Worldwide sales increased by more than $1
billion to $11.2 billion from
$10.2 billion in the third quarter
last year.
Worldwide gross profit was $646
million, compared with $599
million in the 2013 third quarter. Gross profit increased by
8 percent year-over-year benefiting from strong sales across most
regions. Gross margin was down versus last year as revenue growth
was led by a greater mix of high volume sales, particularly in
mobility and systems.
The company drove strong operating leverage, with non-GAAP
operating income for the 2014 third quarter increasing 19 percent -
nearly double the company's revenue growth - to $161 million.
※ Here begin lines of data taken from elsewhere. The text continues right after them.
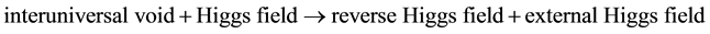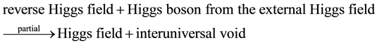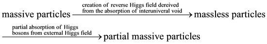 In summary, the two-step process during the Big Bang included (1) the conversion of rest mass (massive particles) into kinetic energy (massless particles) by the creation of the reverse Higgs field derived from the absorption of the interuniversal void outside of the universe and (2) the partial conversion of massless particles into partial massive particles by the partial absorption of the Higgs bosons from the external Higgs field outside of the universe.
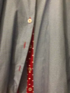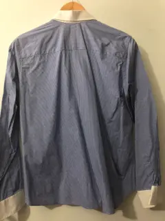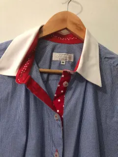Blusa de vestir en mascota azul, con puños y cuello blanco, los ojales son rojos para realzar el color y que se vea divertida y elegante!
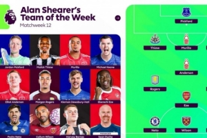 NBA直播11月26日讯 英超第12轮战罢,阿兰·希勒评本轮最佳阵容,皮克福德、埃泽、摩根·罗杰斯在列。

This compares with non-GAAP
operating income for the 2013 third quarter of $135 million.
2014 third quarter non-GAAP net income also benefited from
strong operating leverage, increasing 18 percent to $98 million, or 62
cents per diluted share, compared with non-GAAP net income
of $83 million, or 53 cents per diluted share, in the 2013 third
quarter.
On a GAAP basis, operating income was $120 million and net income was $72 million, or 45
cents per diluted share. 2013 third quarter operating
income was $138 million and net
income was $79 million, or
50 cents per diluted share. 2014 and
2013 third quarter operating income were affected by $27 million and $11
million, respectively, of pre-tax charges for
reorganization, integration and transition costs and by
$15 million and $12 million, respectively, of amortization of
intangible assets. 2013 third quarter non-GAAP financial measures
also exclude a benefit related to the receipt of $29.5 million from a LCD flat panel class action
settlement and the impact of a $5.0
million reserve recorded for estimated charges related to
indirect tax declarations in Europe.
The company generated approximately $60
million in cash flow from operations in the 2014 third
quarter compared to cash used in operations of more than
$200 million in the year-earlier
period.
Key 2014 third quarter business highlights:
- The company signed a definitive share purchase agreement to
acquire a majority interest in Armada, the largest value-add
technology distributor in Turkey.
- Ingram Micro expanded its relationship with IBM and
now offers IBM SoftLayer cloud services - the foundation
for IBM's cloud portfolio.
- The company partnered with Microsoft to rollout Microsoft's
Cloud Service Provider, a new cloud service delivery platform for
Microsoft's cloud services.
- CloudBlue, the company's IT asset disposal business, was
awarded a contract with an existing Fortune 100 financial services
company to provide IT asset disposal in India.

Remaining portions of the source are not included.